Poring over these examples of systematic distortion and noting their persistence over the decades (in 2012, Tansill’s book was reprinted) has driven me to conclude that there is a vast market for bad history, just as one supposes Thomas Kinkade will always be more popular than Vermeer. Look at Amazon reviews of a book on some historical topic; if several of them announce, “The truth at last! This is a book that really opened my eyes!” you have likely stumbled on a work of right-wing hack history. But this isn’t just a matter of degraded popular taste. Social and economic factors combine to give reactionary pseudo-history an advantage that may grow even larger in the future.

History, like other humanities, is getting short shrift in both secondary and higher education curricula compared to scientific subjects. History departments are being downsized, and career prospects for history PhDs are bleak. 

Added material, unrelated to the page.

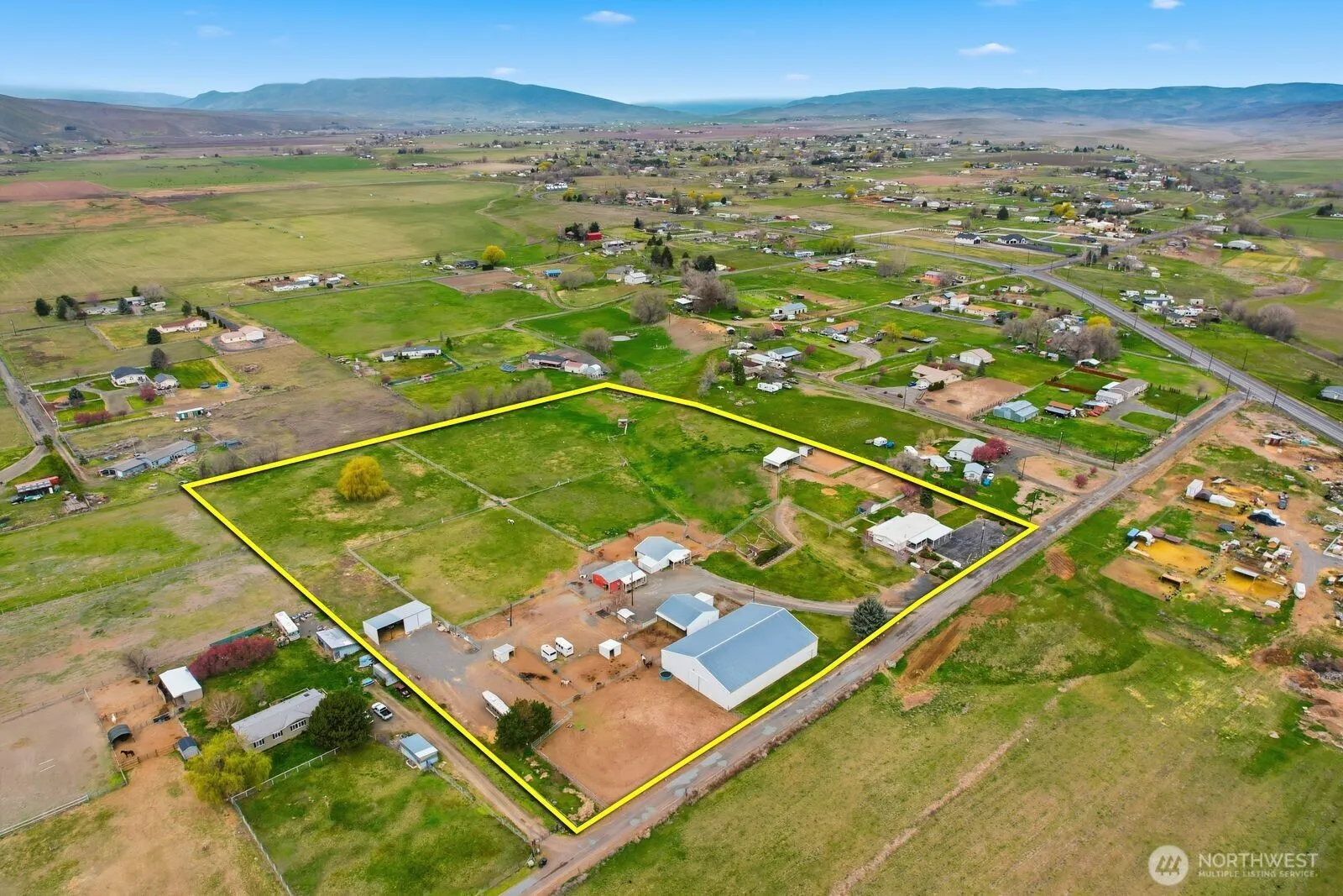 Turnkey equestrian and hobby farm with income potential, set on 9.79 acres in Selah and currently boarding 8 horses with capacity for up to 17. This well-equipped property is designed for both functionality and lifestyle, featuring a 7,000 SF indoor riding arena, barn with 5 stalls and tack room, hay storage, implement shed, and cross-fenced pastures ready for horses or livestock. Irrigation rights support the acreage along with an established underground sprinkler system, making pasture management efficient and practical. Whether you’re operating a boarding setup, training facility, or simply enjoying country living, this property offers flexibility and opportunity. The home has been meticulously maintained and reflects true pride of ownership, offering a spacious layout, original finishes in excellent condition, a propane fireplace, and a primary suite with heated bathroom flooring. Clean, comfortable, and move-in ready with room to update to your personal style over time. Additional features include RV parking, garden space, mature landscaping, and multiple outbuildings to support a variety of uses. Located with easy access to Wenas recreation, this is a rare opportunity to own a fully functional equestrian property with income potential.

That is much less true, however, when it comes to the types of pseudo-history I have outlined. The American conservative metaverse contains its own diffuse history department as a component of its larger bad ideas-industrial complex: the countless billionaire-funded think tanks, institutes and foundations that keep “scholars” on payroll or make grants to people like Amity Shlaes. If you don’t want to pay for a reprint of “Back Door to War,” the Mises Institute has thoughtfully provided a PDF online. Online ads denouncing “woke” history by Hillsdale College, a propaganda ministry disguised as an academic institution, are practically unavoidable, and their bogus history lectures blanket YouTube. While legitimate academic history declines in funding and influence, the right-wing alternative prospers.

But more than wingnut welfare is responsible. This may sound unlikely given the anti-intellectualism that pervades conservatism, but the right cares passionately about ideas. They may be bad ideas or even dangerous ones, but the flood of conservative manifestos, Republican campaign biographies and Bill O’Reilly-style histories that continue to roll off the presses demonstrates a purposefulness in the marketplace of ideas that liberalism lacks.

The paradox is this: Their ideas are not supported by facts, evidence or empirically derived data. As Kellyanne Conway put it, they are “alternative facts.” Saying that the Civil War wasn’t about slavery, the death camps never existed and Donald Trump was duly elected in 2020 are all symptoms of epistemological nihilism: If literally nothing can be proved, let’s repeat our version over and over while coercing schoolchildren to memorize it at taxpayer expense.

The current political struggle, whether at the ballot box or in the pages of real or imagined history, is not just a struggle for the country. It is a struggle over the nature of reality itself.